### Work required
Where the line containing "2、在個(gè)人頁面中找到" appears below, start there and repeat each line exactly to the end. Leave the pictures out.

### Recorded data

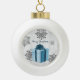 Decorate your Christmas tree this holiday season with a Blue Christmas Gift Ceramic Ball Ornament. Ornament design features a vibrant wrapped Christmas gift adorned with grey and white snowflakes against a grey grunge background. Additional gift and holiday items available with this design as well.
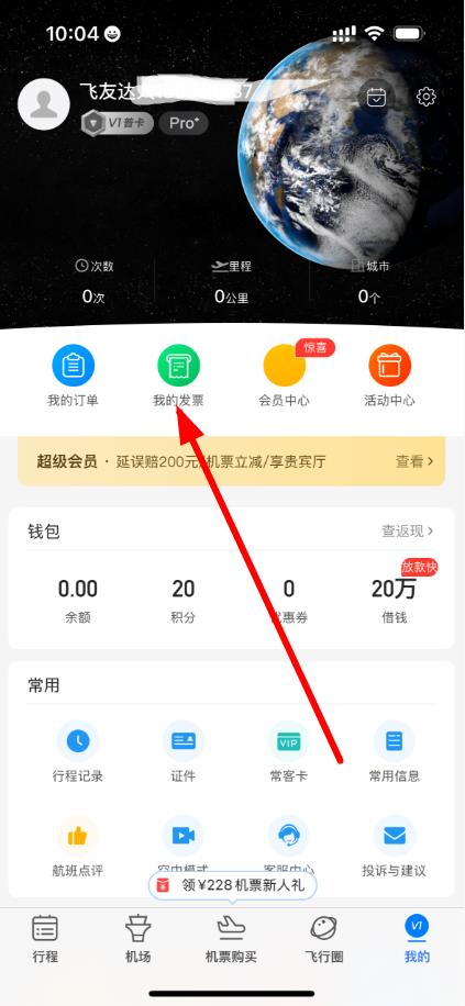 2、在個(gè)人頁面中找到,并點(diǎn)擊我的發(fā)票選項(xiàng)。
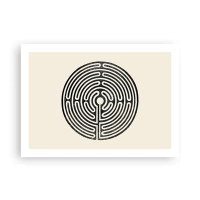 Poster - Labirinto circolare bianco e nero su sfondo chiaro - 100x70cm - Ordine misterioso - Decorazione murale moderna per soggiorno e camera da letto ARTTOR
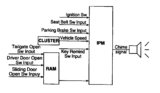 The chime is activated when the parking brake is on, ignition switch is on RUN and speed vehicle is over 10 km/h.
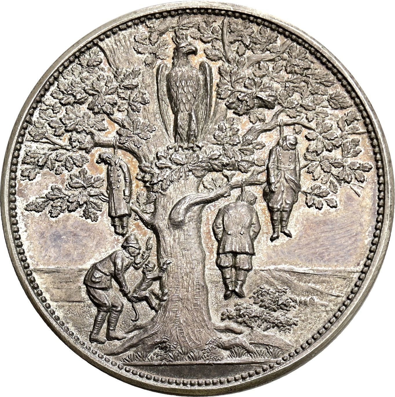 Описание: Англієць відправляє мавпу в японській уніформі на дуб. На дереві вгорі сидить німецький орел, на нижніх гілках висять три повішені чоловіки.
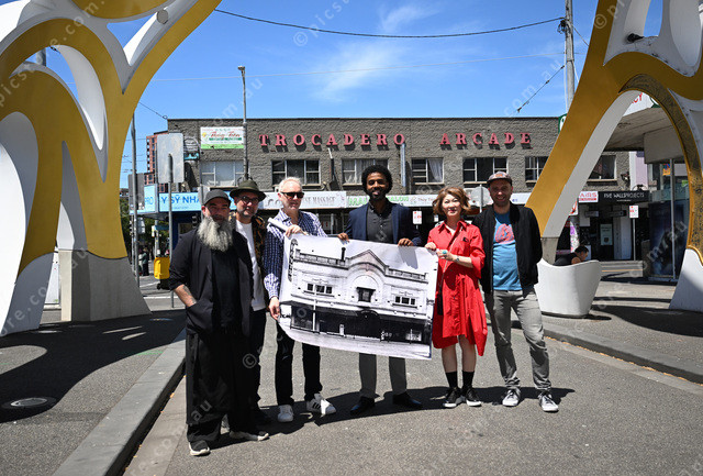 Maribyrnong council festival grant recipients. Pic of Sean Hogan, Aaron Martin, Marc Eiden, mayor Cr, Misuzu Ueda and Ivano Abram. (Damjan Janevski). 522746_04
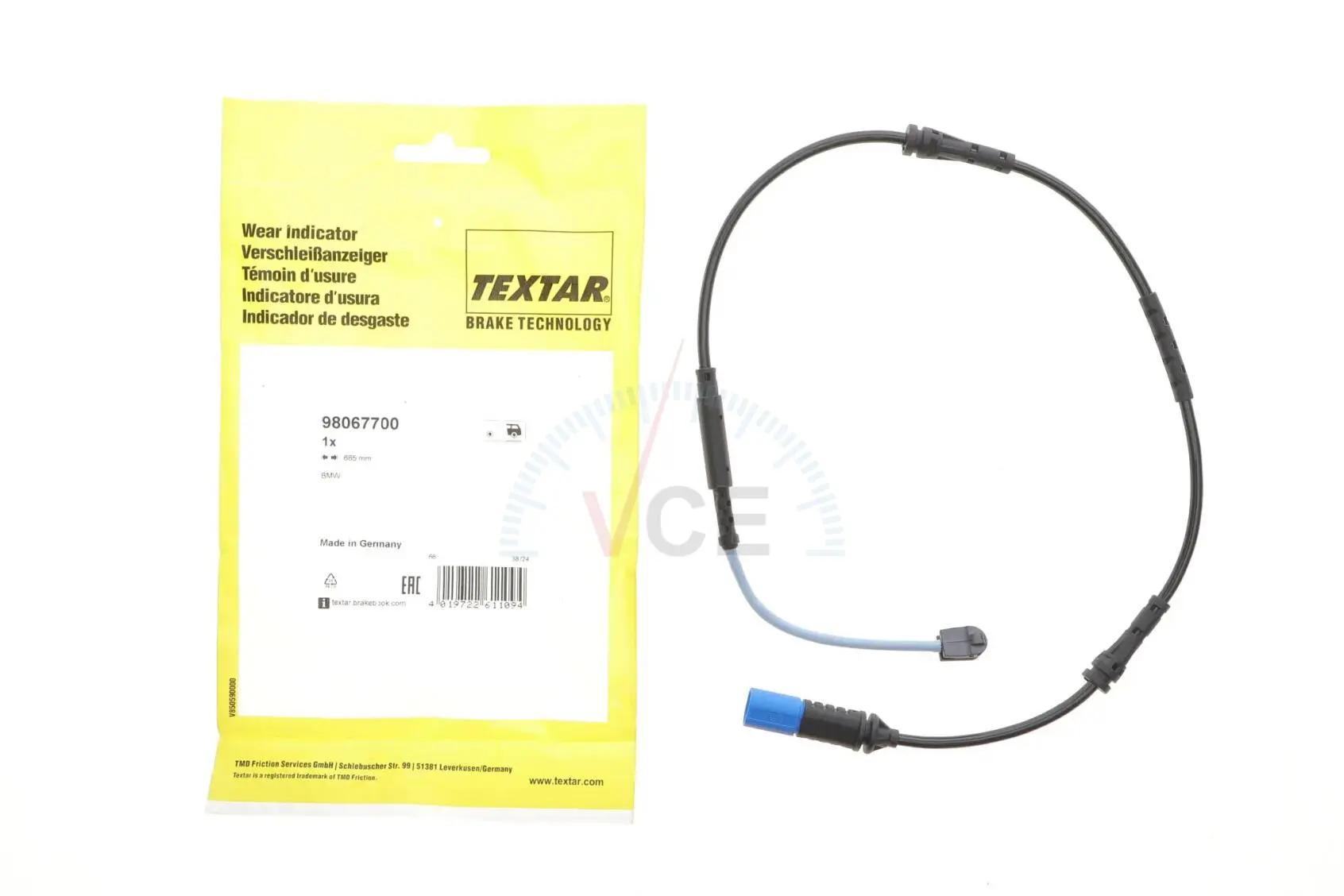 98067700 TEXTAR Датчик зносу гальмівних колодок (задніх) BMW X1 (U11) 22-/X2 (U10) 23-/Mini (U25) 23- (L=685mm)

### Exercise answer
 2、在個(gè)人頁面中找到,并點(diǎn)擊我的發(fā)票選項(xiàng)。
 Poster - Labirinto circolare bianco e nero su sfondo chiaro - 100x70cm - Ordine misterioso - Decorazione murale moderna per soggiorno e camera da letto ARTTOR
 The chime is activated when the parking brake is on, ignition switch is on RUN and speed vehicle is over 10 km/h.
 Описание: Англієць відправляє мавпу в японській уніформі на дуб. На дереві вгорі сидить німецький орел, на нижніх гілках висять три повішені чоловіки.
 Maribyrnong council festival grant recipients. Pic of Sean Hogan, Aaron Martin, Marc Eiden, mayor Cr, Misuzu Ueda and Ivano Abram. (Damjan Janevski). 522746_04
 98067700 TEXTAR Датчик зносу гальмівних колодок (задніх) BMW X1 (U11) 22-/X2 (U10) 23-/Mini (U25) 23- (L=685mm)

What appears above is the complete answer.